Morte assistida – desigualdade impede que Brasil discuta o abreviamento da vida

Morte assistida – desigualdade impede que Brasil discuta o abreviamento da vida

Por se tratar de um tema tabu, o recorde de mortes assistidas (eutanásia) registrado no Canadá chamou a atenção: mais de 15 mil pessoas  receberam assistência médica para morrer durante 2023 – a maioria com câncer. A mídia no Brasil raramente trata desse tema, sendo apresenptado sempre como assunto polêmico. A presença mais recente no noticiário ocorreu em outubro passado, quando o poeta, compositor, filósofo, crítico literário e membro da Academia Brasileira de Letras, Antônio Cicero, anunciou seu suicídio assistido. 

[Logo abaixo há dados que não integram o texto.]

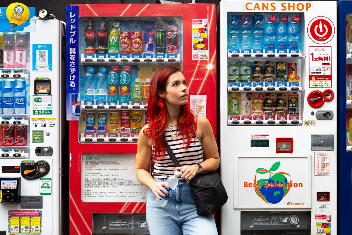 Een kleine ramp voor het milieu (want: kost superveel energie en al die flesjes zijn natuurlijk gemaakt van plastic), maar wel érg handig: de vending machines. Ik had er voor vertrek wel over gehoord, maar toen ik eenmaal in Japan was, verbaasde ik me vooral over de hoeveelheid ervan. Die dingen staan overal. Soms in groepjes bij elkaar, zodat je lekker veel aanbod hebt, stoms staat er een eenzame vendy in een park (wat echt een gek gezicht is, zo in het groen). Ze zien er soms ook echt tof uit, in Pokémon stijl of zo. We hebben er veel gebruik van gemaakt.

Antônio Cícero também é conhecido por ser irmão e parceiro da cantora Marina Lima.  Os dois compuseram vários sucessos nos anos 90 – alguns deles até hoje presentes nas radios que tocam a boa música brasileira. Como, por exemplo, em “Fullgas” – “E tudo de lindo que eu faço/É, vem com você, vem feliz/Você me abre seus braços/E a gente faz um país”. Ou em “Não sei dançar”, onde é oferecido à pessoa amada “tudo que eu posso te dar é solidão com vista pro mar”. Aos 79 anos, um comunicado anunciou sua decisão de morrer na Suíça, um dos cerca de dez países que aceitam a morte assistida ou suicídio assistido: “Queridos amigos, encontro-me em Zurique, prestes a praticar eutanásia. O que ocorre é que minha vida se tornou insuportável. Estou sofrendo de Alzheimer. Espero ter vivido com dignidade e morrer com dignidade”.

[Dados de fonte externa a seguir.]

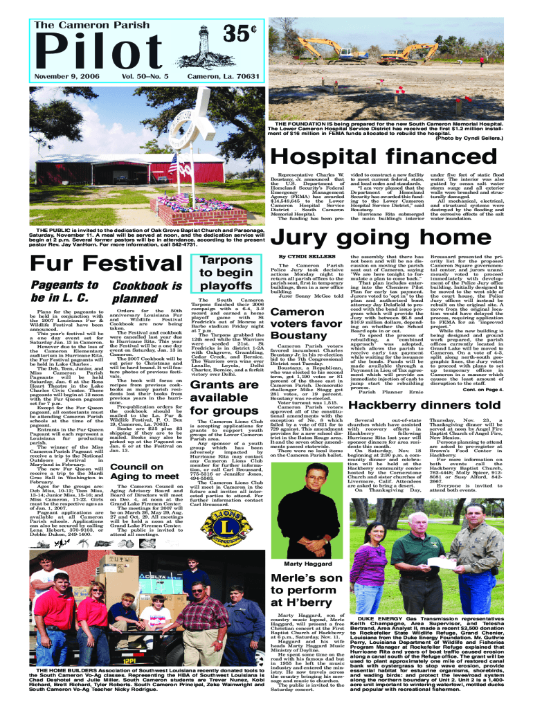 Pilot The Cameron Parish November 9, 2006Vol. 50No. 55Cameron, La. 70631THE FOUNDATION IS being prepared for the new South Cameron Memorial Hospital. The Lower Cameron Hospital Service District has

No Brasil, a eutanásia ainda é crime. A última regulamentação ocorrida data de 2006, ano em que o Conselho Federal de Medicina (CFM) decidiu que a eutanásia fere a ética médica, permitindo, em seu lugar, a ortotanásia.

Rosto Idosa

Eutanásia? Ortotanásia? Qual a diferença entre as duas? – você pode estar se perguntando.
A diferença é que a eutanásia permite o uso de medicamentos que abrevia ou aceleram o processo de morte frente a uma doença grave, incurável, ameaçadora da vida, enquanto a ortotanásia, diante da morte certa, permite que ela ocorra no tempo certo , sem acelerar nem prolongar  o fim.  Alguns países admitem a eutanásia somente nos casos de doenças terminais, sem cura. Outros permitem os procedimentos de suicídio assistido, como no caso de Antônio Cícero, por exemplo, em casos de demência avançada ou Alzheimer. Em ambos os casos, exigem-se os pedidos de familiares ou do paciente.

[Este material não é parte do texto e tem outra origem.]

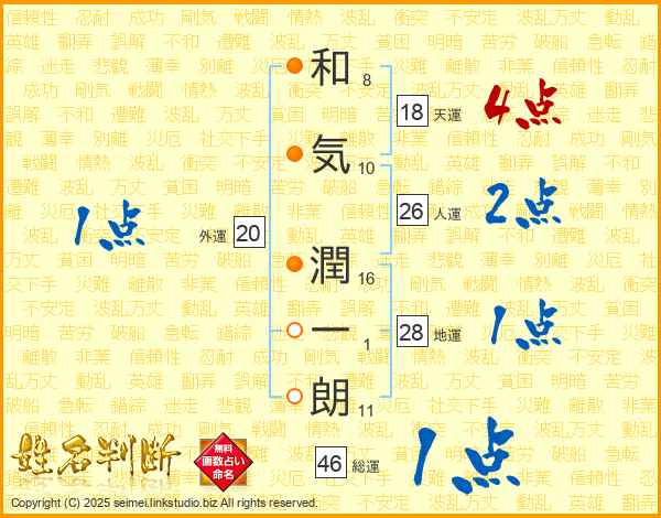 和気潤一朗さんの総運は46画の1点!

Na América Latina, apenas a Colômbia desde 2002, permite a morte assistida de pacientes terminais “É realmente uma discussão muito complexa”, diz o médico geriatra e colunista do Viver+, Milton Crenitte. “Aparentemente, este debate ainda está longe de acontecer no Brasil, em virtude da fé e porque há um certo conservadorismo em relação à morte e em relação a alguns assuntos da Medicina. Mas essa discussão, vista também recentemente no filme “Quarto ao lado”, do diretor espanhol Pedro Almodovar, implica em também falar de autonomia. É, portanto, um debate que fala sobre autonomia, sem esquecer que, no caso do Brasil, temos de falar em autonomia, em preservação da dignidade, levando sempre em conta que o direito ao morrer no nosso país ainda é muito desigual. Pouco se fala, pouco se tem acesso a tratos paliativos de maneira adequada. Em resumo, é um debate em que temos de avançar, mas antes disso e das reflexões que o tema exige sobre a legislação sobre a eutanásia, se sim ou se não, sem fazer nenhum juízo de valor, é a expansão dos cuidados paliativos no Brasil. Os cuidados paliativos são uma prática supernecessária para a garantia de uma morte digna, e também de uma vida digna para todas as pessoas.  Mas poucas pessoas têm acesso aos recursos que garantem uma morte com dignidade. Então, antes de avançar na discussão sobre o aspecto legal dessa questão, acredito que seja mais necessário falar sobre a desigualdade no acesso aos cuidados paliativos no Brasil”.